US 5181840 A
An engine compressor comprising an internal combustion engine with a drive shaft; a compressor with a head and a cylinder; and a device for ventilating the head and cylinder, and having: an impeller fitted on to the drive shaft; a housing mounted between the casings of the engine and the compressor, and defining an internal chamber housing the impeller; an inlet formed in a central position of the housing and through which ambient air is drawn; and an outlet formed in the top portion of the housing and through which air is fed to the head and the cylinder.
1. An engine compressor comprising:
an internal combustion engine having a drive shaft extending therefrom;
a compressor portion having a head and a cylinder inside of which a piston is located, the piston being attached to a connecting rod which is mechanically connected to said drive shaft so that the piston can be moved; and
a device for ventilating said head and said cylinder which includes a centrifugal impeller fitted on to said drive shaft located between the engine and the point at which said drive shaft is connected to said connecting rod, a housing installed between a casing of said engine and a casing of said compressor portion, said housing defining an internal ventilating chamber housing said impeller and having at least two holes defined therein so that said drive shaft can pass through the housing, an inlet formed in a central portion of said housing and through which ambient air is drawn into said chamber, and an outlet formed in a top portion of said housing and through which air is fed to said head and said cylinder.
2. An engine compressor as claimed in claim 1, wherein said housing comprises two parallel plates, a first of which is secured to said casing of said engine, and a second of which is secured to said casing of said compressor portion, said plates being integral with each other along bent lateral edges.
3. A engine compressor as claimed in claim 2, wherein said first plate has a circular bottom portion and a first through hole defined therein to receive said drive shaft.
4. An engine compressor as claimed in claim 3, wherein said second plate has a circular bottom portion and a second through hole defined therein through which said drive shaft passes through and which constitutes said inlet.
5. An engine compressor as claimed in claim 4, wherein both said plates have substantially rectangular top portions that extend upwards, and wherein said outlet is defined between top ends of said top portions.
6. An engine compressor as claimed in claim 5, wherein along the top end of said top portion of said second plate, and at said outlet, a number of slots are formed for increasing the size of said outlet and enabling cooling fins on said compressor portion to extend inside said chamber.
7. An engine compressor as claimed in claim 2, wherein between said second plate and said casing of said compressor portion, a predetermined clearance is defined for enabling the passage of ambient air to said inlet.

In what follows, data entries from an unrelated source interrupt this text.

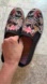 Experience the perfect blend of style and comfort with BareTraps Flats, featuring a striking black base adorned with pink floral embroidery. These slip-on shoes boast a flat sole and a velvet-like finish, making them ideal for both casual and dressy occasions. The symmetrical design adds a touch of elegance to your everyday look. Good/great preowned condition.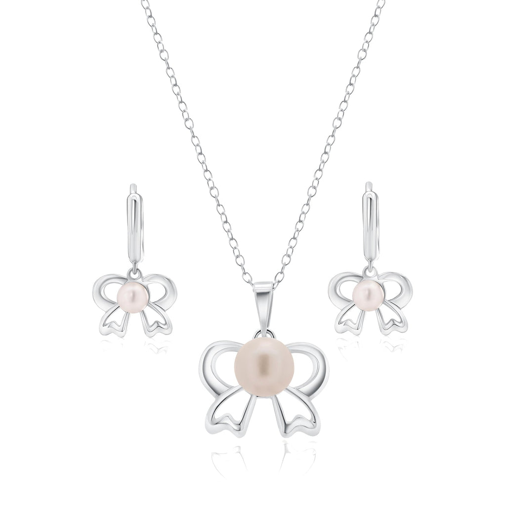Wholesale Sterling Silver 925 Rhodium Plated Pearl Bow Lever back Earring and Necklace Set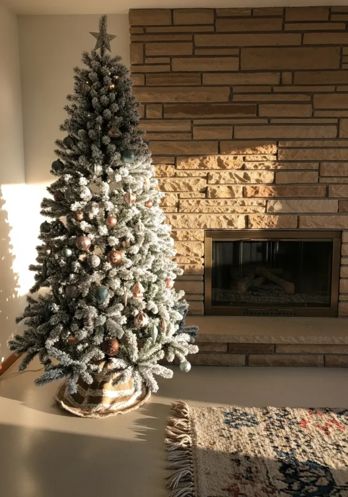 This cozy living room captures that simple, heartwarming magic we all crave during the holidays. The flocked Christmas tree stands proudly beside a stone fireplace, its snow-kissed branches dusted with soft white frost that glimmers beautifully in the golden afternoon light. Subtle ornaments in copper, teal, and silver tones add just the right amount of sparkle without overpowering the natural, rustic backdrop. The woven tree collar and fringed rug tie everything together, giving the space a grounded, handcrafted feel that whispers quiet elegance.

8. An engine compressor as claimed in claim 1, wherein between said housing and said casing of said engine there is provided a layer of insulating material.
9. An engine compressor as claimed in claim 1, wherein said casing of said compressor portion has a wall with a hole defined therein to receive a portion of a crankshaft which transmits power between said drive shaft and said connecting rod, said portion of said crankshaft being engaged internally by an end of said drive shaft, and wherein said crankshaft portion is held in position by a roller bearing which is positioned between the wall and the crankshaft portion.
The present invention relates to an engine compressor with a perfected ventilating device.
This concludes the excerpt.